- _TASK DIRECTIONS_
Exact transcription begins at the first line of the material below and ends with the line holding "Le ratio MVRV"; pictures are skipped.

- _DATA TO PROCESS_
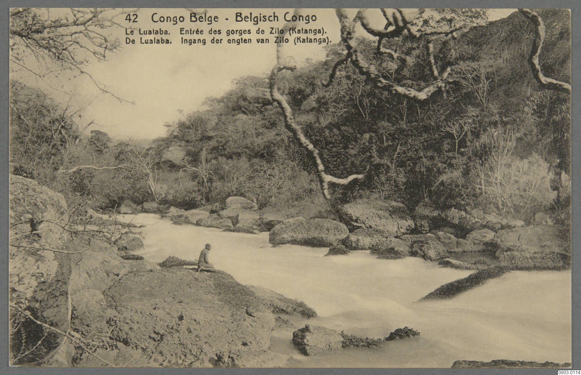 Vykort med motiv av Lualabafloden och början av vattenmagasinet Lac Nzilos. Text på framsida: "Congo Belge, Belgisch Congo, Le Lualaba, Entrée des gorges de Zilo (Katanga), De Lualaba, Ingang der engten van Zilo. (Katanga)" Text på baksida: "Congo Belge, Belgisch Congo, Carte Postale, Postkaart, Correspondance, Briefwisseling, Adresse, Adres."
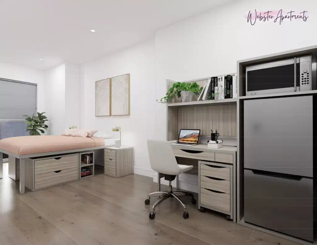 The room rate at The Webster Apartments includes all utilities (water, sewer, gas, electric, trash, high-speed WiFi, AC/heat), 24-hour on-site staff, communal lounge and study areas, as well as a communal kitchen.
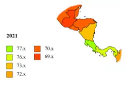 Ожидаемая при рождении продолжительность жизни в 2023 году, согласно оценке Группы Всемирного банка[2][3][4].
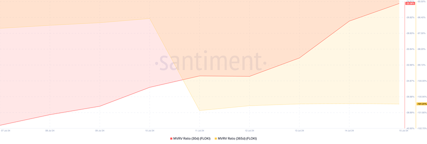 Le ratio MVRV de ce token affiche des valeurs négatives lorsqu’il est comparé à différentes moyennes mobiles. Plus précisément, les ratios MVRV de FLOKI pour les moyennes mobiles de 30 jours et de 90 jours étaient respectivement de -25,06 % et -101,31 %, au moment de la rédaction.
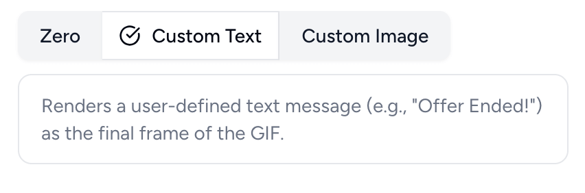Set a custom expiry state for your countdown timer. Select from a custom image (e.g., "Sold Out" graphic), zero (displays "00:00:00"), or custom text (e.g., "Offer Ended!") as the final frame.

- _RESULT OF THE EXERCISE_
 Vykort med motiv av Lualabafloden och början av vattenmagasinet Lac Nzilos. Text på framsida: "Congo Belge, Belgisch Congo, Le Lualaba, Entrée des gorges de Zilo (Katanga), De Lualaba, Ingang der engten van Zilo. (Katanga)" Text på baksida: "Congo Belge, Belgisch Congo, Carte Postale, Postkaart, Correspondance, Briefwisseling, Adresse, Adres."
 The room rate at The Webster Apartments includes all utilities (water, sewer, gas, electric, trash, high-speed WiFi, AC/heat), 24-hour on-site staff, communal lounge and study areas, as well as a communal kitchen.
 Ожидаемая при рождении продолжительность жизни в 2023 году, согласно оценке Группы Всемирного банка[2][3][4].
 Le ratio MVRV de ce token affiche des valeurs négatives lorsqu’il est comparé à différentes moyennes mobiles. Plus précisément, les ratios MVRV de FLOKI pour les moyennes mobiles de 30 jours et de 90 jours étaient respectivement de -25,06 % et -101,31 %, au moment de la rédaction.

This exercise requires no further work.